Sasuke…..I walked over to the window on the far end of the room, my left palm rested upon the cold class of the window. Sasuke was outside talking with his mother. The gentle breeze passed through his hair, and his eyes seemed so much gentler then what they were before. My gaze soften, and frown was placed on my face as more of the memories of our first meeting came back, as if it had just happened yesterday. I could still remember it so clearly, so clearly in that shop, in that small little coffee shop where Sasuke's and My own fate was sealed.
"Excuse me?" "It's packed today."
"Oh ha-ha this place is always packed on Thursdays, Which is why sometimes I go to R.T.G.C place on Thursdays."
"That's why I hate Thursdays, what is R.T. something"
"R.T.G.C stands for "ready to go coffee' ha-ha there coffee is just like this place but a little better and quieter I suppose. And why do you hate Thursdays? There's absolutely nothing to hate about it. A day is just a day, just with a different title on it, but it doesn't change the fact that's it a day…just a new one. So don't hate it because it's a 'Thursday" love it because your living. Love it because you get the honor of seeing a new day where as someone that doesn't."
"Vanilla Latte Tall" "This is fantastic, gets better each day thank you…" "It was nice talking to you, see you later.
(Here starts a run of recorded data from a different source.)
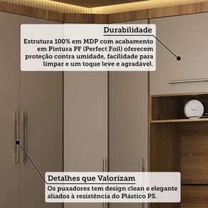 Caracteristicas: Estrutura: 100 MDP Acabamento: Perfect Foil -PF- Quantidade de Portas: 7 Tipo de Abertura das Portas: 5 de Bater e 2 Basculantes Quantidade de Gavetas: 5 Tipo de Corredicas: Telescopica Tipo de Cabideiros: 1 em Aluminio Tipo de Puxador: Plastico PS Tipo de Pes: Rodape Sistema de Montagem: Cavilhas, Parafusos e Minifix Garantia: 3 meses
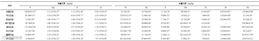 表 3 8种石斛属植物中的矿物元素组成及含量
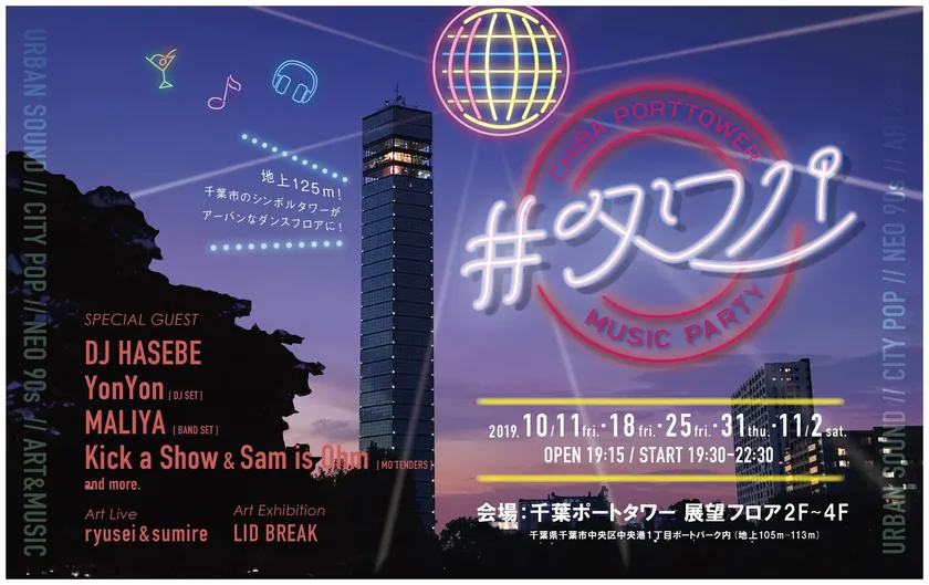 千葉市のシンボルとして市民には親しみ深い千葉ポートタワー。地上125mの高さを誇るタワーの展望フロアを舞台に、現在の音楽シーンの最重要アーティスト/DJをゲストに迎えるパーティーを開催いたします。
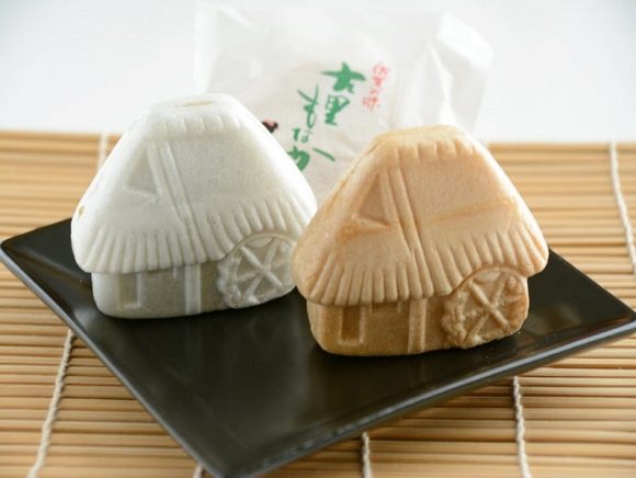 昔ながらの素朴な家の形をしたもなか、故郷ではなく古里と書いてあるのも印象的ですね。
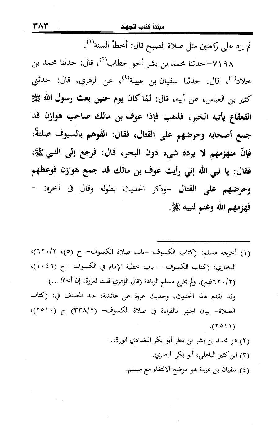 7198 - حدثنا محمد بن بشر أخو خطاب (¬1)، قال: حدثنا محمد بن خلاد (¬2)، قال: حدثنا سفيان بن عيينة (¬3)، عن الزهري، قال: حدثني كثير بن العباس، عن أبيه، قال: لمّا كان يوم حنين بعث رسول الله -صلى الله عليه وسلم- القعقاع يأتيه الخبر، فذهب فإذا عوف بن مالك صاحب هوازن قد جمع أصحابه وحرضهم على القتال، فقال: القَوهم بالسيوف صلتةً، فإنّ منهزمهم لا يرده شيء دون البحر، قال: فرجع إلى النبي -صلى الله عليه وسلم-، فقال: يا نبي الله إني رأيت عوف بن مالك قد جمع هوازن فوعظهم وحرضهم على القتال -وذكر الحديث بطوله وقال في آخره: - فهزمهم الله وغنم لنبيه -صلى الله عليه وسلم-.
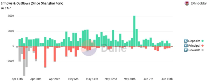 Grafikte de görüldüğü gibi Shangai güncellemesinden bu yana kilitli ETH'lerin kümülatif toplamı sürekli olarak arttı ve 3,58 milyon ek ETH stake edildi. Bu alanda önemli gördüğüm Rpl grafiği:
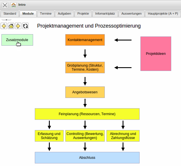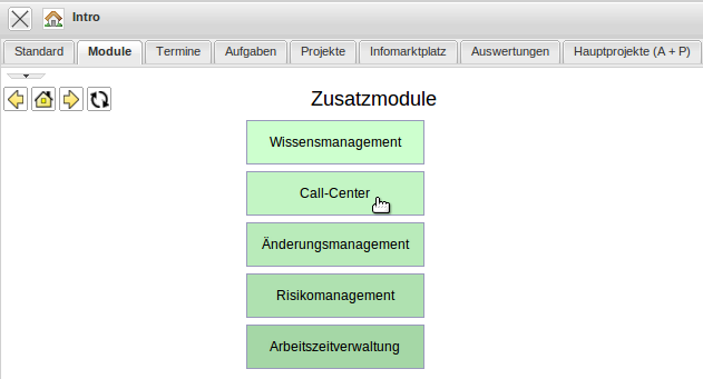 Im Eingangsbildschirm “Modulansicht” können die Funktionalitäten …
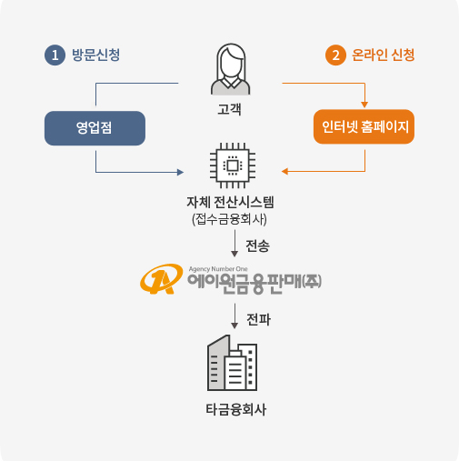 * 접수처 : 은행(수출입은행, 외은지점 제외), 증권사, 저축은행, 카드사, 생명보험사, 손해보험사, 종합금융회사, 우체국, 주택금융공사접수금융회사 > 처리 금융회사
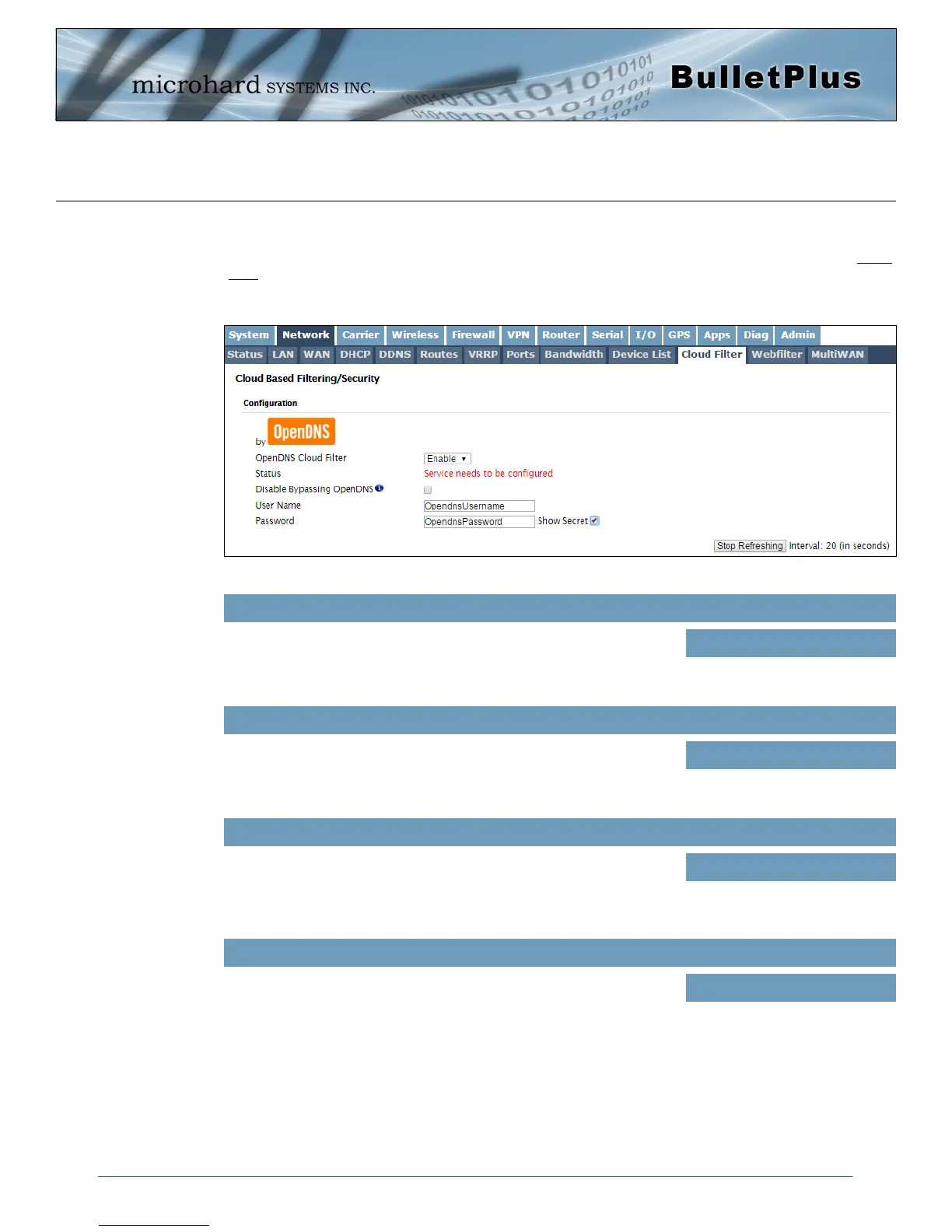 The BulletPlus provides Cloud based content filtering and security using the third-party service by Open
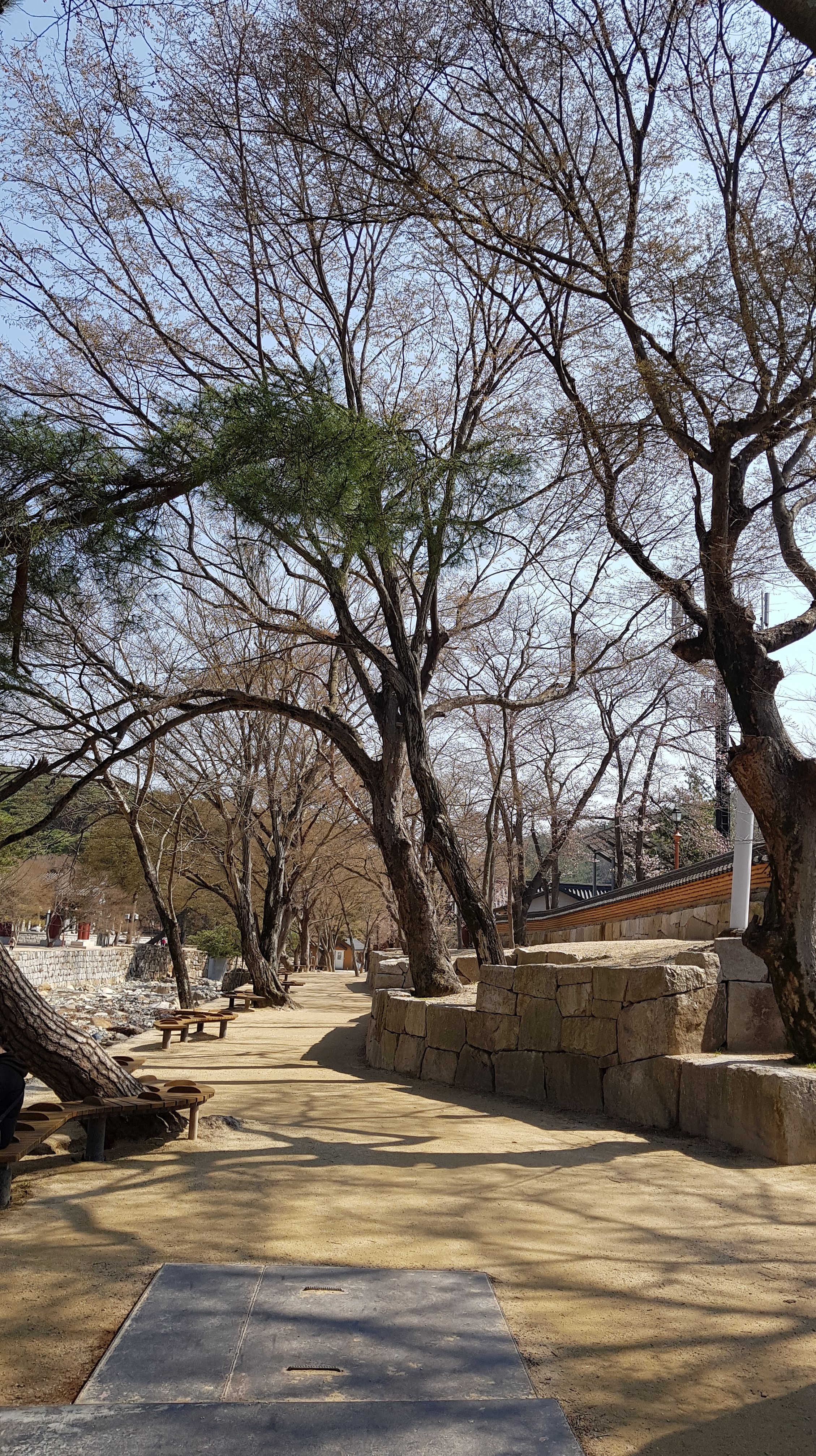 집에 들어오는 길에 심어져 있는 벚나무가 꽃을 피우기 시작했다. 성격이 급한 벚나무는 벌써 꽃잎을 떨어뜨리고 초록빛깔 잎을 내민다. 집 주변에서부터 벌써 봄이 성큼 다가옴을 느낀 3월의 한날, 숲길을 걸닐며 한적함을 느끼고 싶었다. 아내와 함께 시간이 허락한 장모님을 모시고 양산 통도사로 향한다. 얼마전 경주에 갔을 때 불국사를 들렸었는데 불국사는 유명세? 때문인지 방문객이 많았으며 경내가 통도사보다 넓지 않아 한적함을 느끼기에는 다소 부족했다. 그래서 지금 이 시점, 이 느낌에서는 통도사가 당겼다. 필자는 기독교인이지만 기분전환하고 한적함을 느끼고, 즐기는데는 종교를 초월하는 주의라서 절과 사찰가는걸 개의치 않아 한다. ‘통도’라는 명칭은 어릴적에 통도환타지아라는 놀이동산 TV 광고를 통해서 먼저 알게 되었는데 이 놀이동산도 통도사 이름에서 따와서 지은 것이고 통도사 부근에 위치하고 있다. 자 그럼 이제부터 통도사 경내를 함께 돌아보며 봄날의 한적함을 느껴보자.
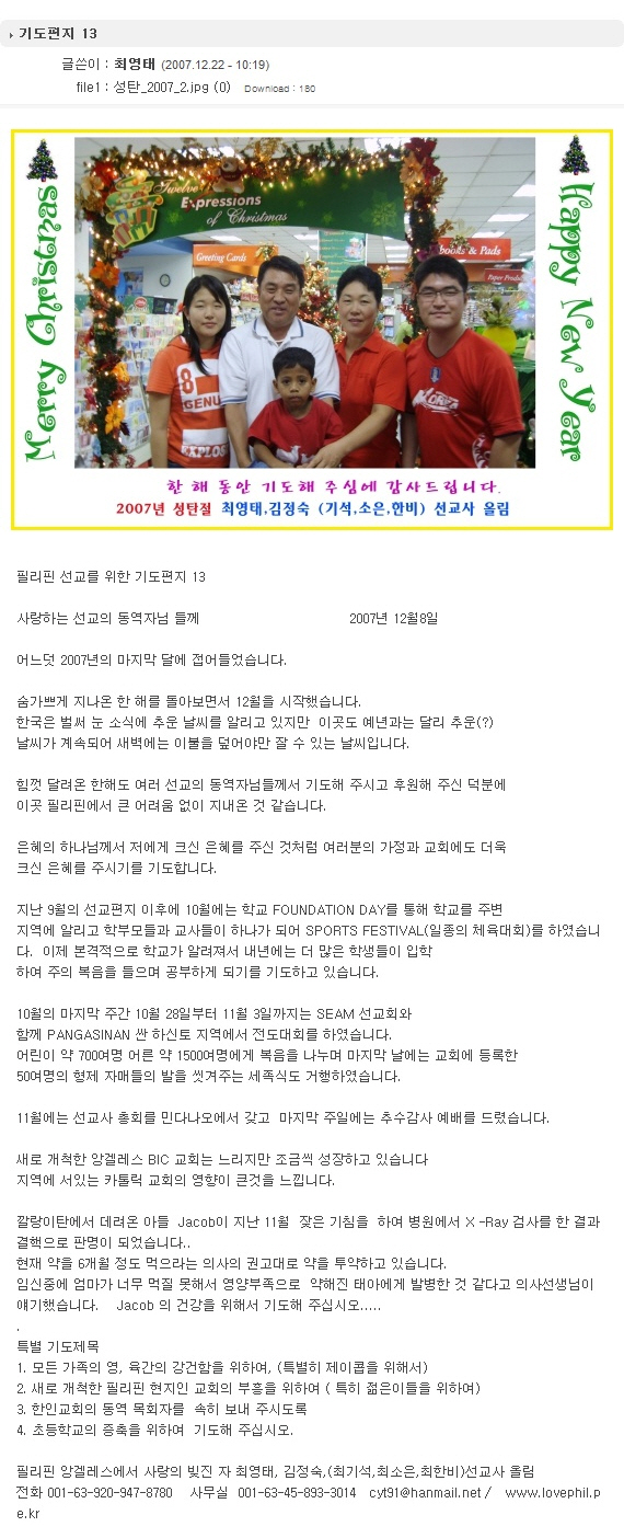 ::: 최영태,김정숙선교사 홈페이지에 오신 것을 환영합니다 :::
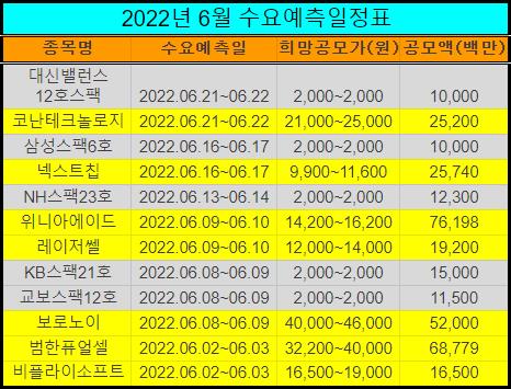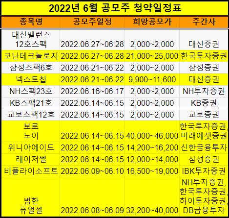 2022년 6월 공모주 청약일정를 표로 정리했습니다.
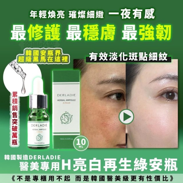 韓國製造 DERLADIE 醫美專用H亮白再生綠安瓶10ml(買一送一/組)
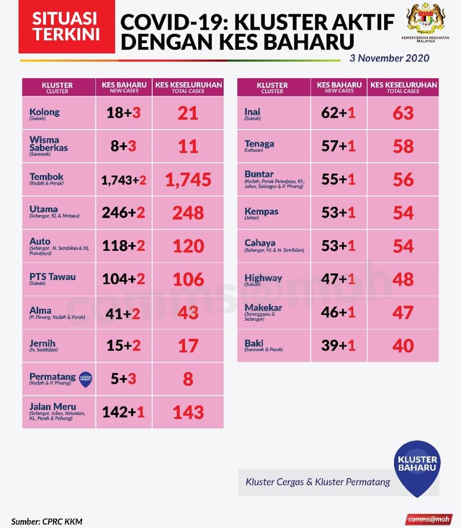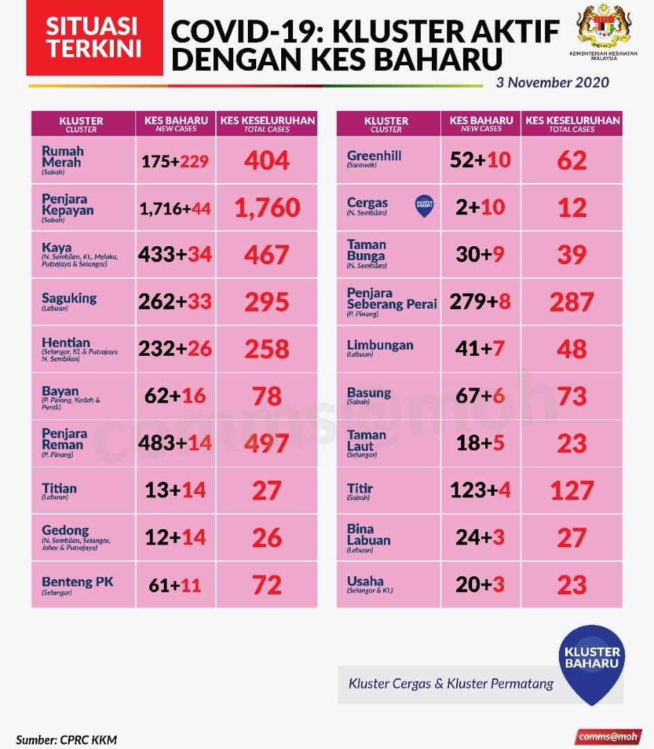 Secara keseluruhan sebanyak 38 kluster aktif dilaporkan hari ini termasuk dua kluster baharu.
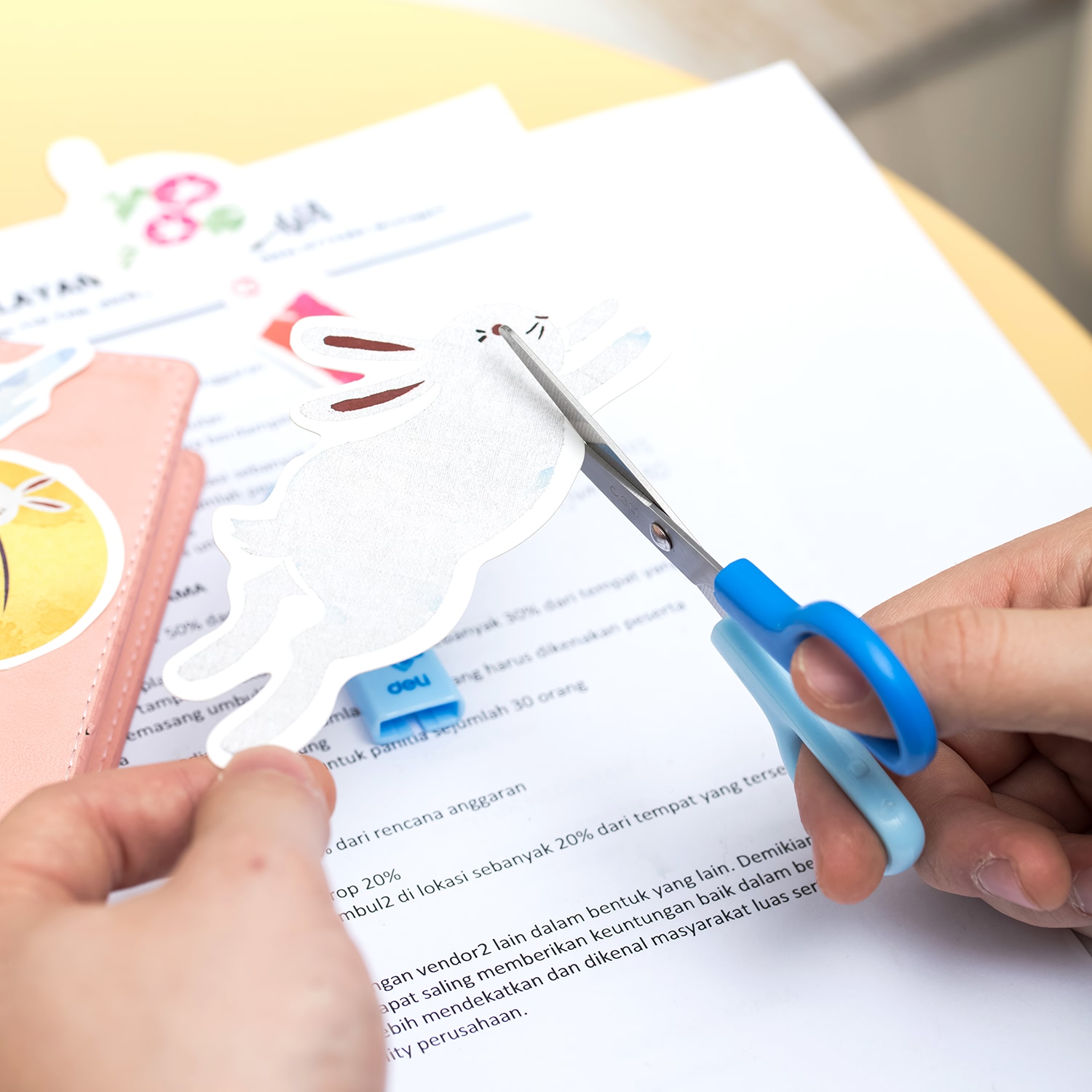 Kéo Thủ Công Học Sinh 121mm Deli - Lưỡi Thép Không Gỉ, Vỏ An Toàn, Màu Hồng/Xanh
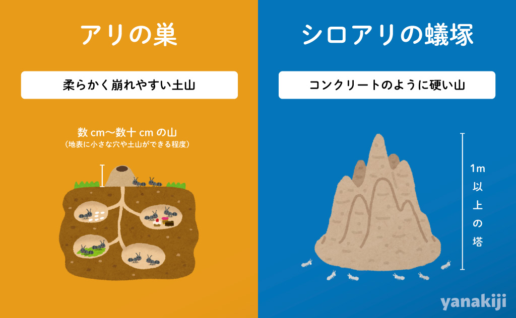 アリの巣とシロアリの蟻塚、それぞれの主な特徴は上図の通り。ただし、シロアリならどれでも大きな蟻塚を築くわけではありません。

If I had known, if only I had known that Sasuke was going to be there I wouldn't have gone it. I would never spoken to him, so that I would never have had the opportunity of falling with him. Sai is a wonderful, sometimes a little full of himself, and sometimes he can be a little cruel to me. However, because I was so nice, I gave myself to him because of his illness. I never loved Sai, I loved him as friend, but I could never give him the love I had shown for Sasuke, the love I will now have to burry deep inside my heart, and carry it secretly for years that I would have to spend along side Sai. My love for Sasuke will be my only press to survive, my only reason for continuing on. What shame, for when I leave this house and go to Sai, I will never be able to argue with Sasuke again. I will never be able to touch his face, kiss those lips, and hug that body that gave me security again.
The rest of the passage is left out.